Le rateizzazioni fiscali considerano la liquidità disponibile del debitore
di Salvatore Forastieri

Le novità introdotte con le manovre Monti rispetto all’adempimento dei debiti di natura tributaria. Ammesse 72 rate mensili e non è più necessario fornire delle garanzie

Tags: Economia, Fisco, Equitalia, Agenzia Delle Entrate



PALERMO - Lo abbiamo già spiegato altre volte: nel caso in cui il contribuente si trovi in situazione di obiettiva difficoltà ad adempiere ai propri debiti tributari, la legge prevede diverse forme di rateizzazione per le  somme iscritte a ruolo, per quelle dovute in caso di definizione dell’accertamento per acquiescenza, accertamento con adesione e conciliazione giudiziaria, nonché per le somme dovute a seguito dei controlli automatici (art.36 bis del D.P.R. 600/73) e dei controlli formali (art.36 ter del D.P.R. 600/73) risultanti dai così detti “avvisi bonari”.

Dilazione delle somme iscritte a ruolo
Per le somme iscritte a ruolo dagli enti impositori, la normativa di riferimento è l’art.19 del D.P.R. 602 del 1973 e le successive modificazioni, tra le quali torna utile ricordare quella contenuta nel D.L. 6/12/2011 n.201 (Decreto Monti), art. 10, commi 13 bis e ter (convertito in legge 214/2011) e quella più recente contenuta nel D.L. 2/3729012 n.16 (decreto “semplificazioni”).
In base alle citate disposizioni, l’Agente della Riscossione, dopo la notifica della cartella di pagamento,  in caso di comprovata situazione di obiettiva difficoltà economica, può concedere la rateizzazione del credito fino a 72 rate mensili, secondo un criterio che tiene conto dell’importo dilazionato e del grado di liquidità del debitore.
Non è più necessario fornire all’Agente della Riscossione alcuna garanzia, a prescindere dall’entità della somma iscritta a ruolo.

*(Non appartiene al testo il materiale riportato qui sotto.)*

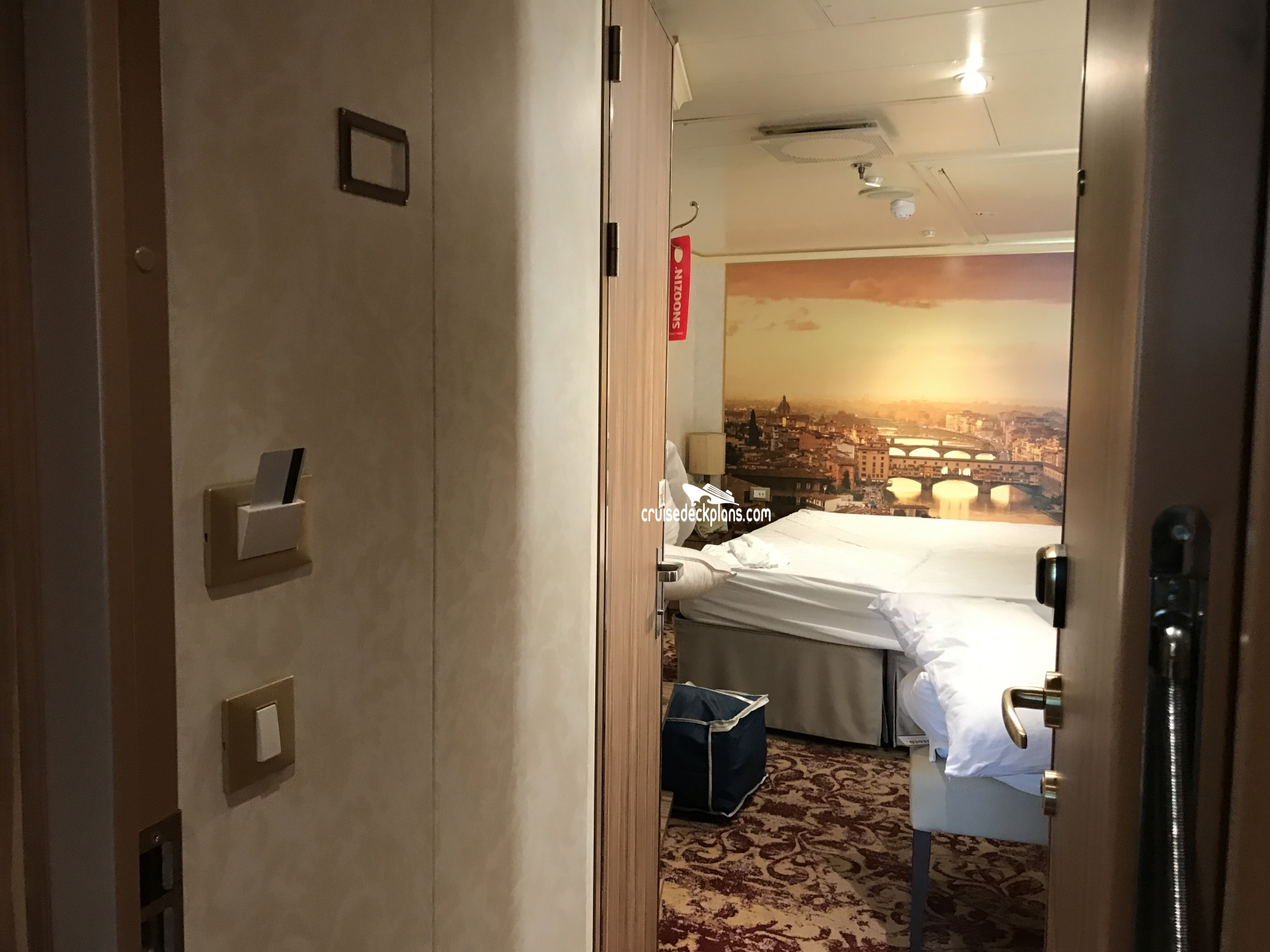 Carnival Firenze Interior cabin number 1217 ACTUAL videos and/or pictures, floor plans, diagrams and detailed features including a deck image of the actual location on the Carnival Firenze ship for cabin 1217. Cruisedeckplans.com has 72,317 different (staterooms) cabins that have actual cabin pictures and/or cabin videos taken by real cruisers. That is plenty of coverage to provide you with a good sampling of all the different cabins on cruise ships. Take a minute and notice the breadcrumb menu above. This is a quick easy way to navigate our website. You can also use the menu above for menu items specific to the Carnival Firenze cruise ship.

In caso di mancato pagamento della prima rata o di due successive, la legge faceva scattare, fino a poco tempo fa, la decadenza dalla dilazione ed il recupero dell’intera somma con la sanzione del 30% e gli interessi. Ma a seguito delle disposizioni contenute nella legge di conversione del “Decreto Monti” (legge 22/12/2011 n.214), è stata data al contribuente, sempre che non sia intervenuta decadenza ed in caso di comprovato peggioramento della sua situazione di obiettiva difficoltà a pagare, la possibilità di dilazionare per una seconda volta il suo debito fino ad un massimo di 72 mesi (6 anni). La stessa norma, sempre in presenza delle cennate condizioni di peggioramento della situazione, ha ammesso pure (in questo caso in maniera transitoria) la proroga della rateizzazione anche per le somme già dilazionate e per le quali, alla data del 6 dicembre 2011, si era già verificato  il mancato pagamento della prima rata o di due successive.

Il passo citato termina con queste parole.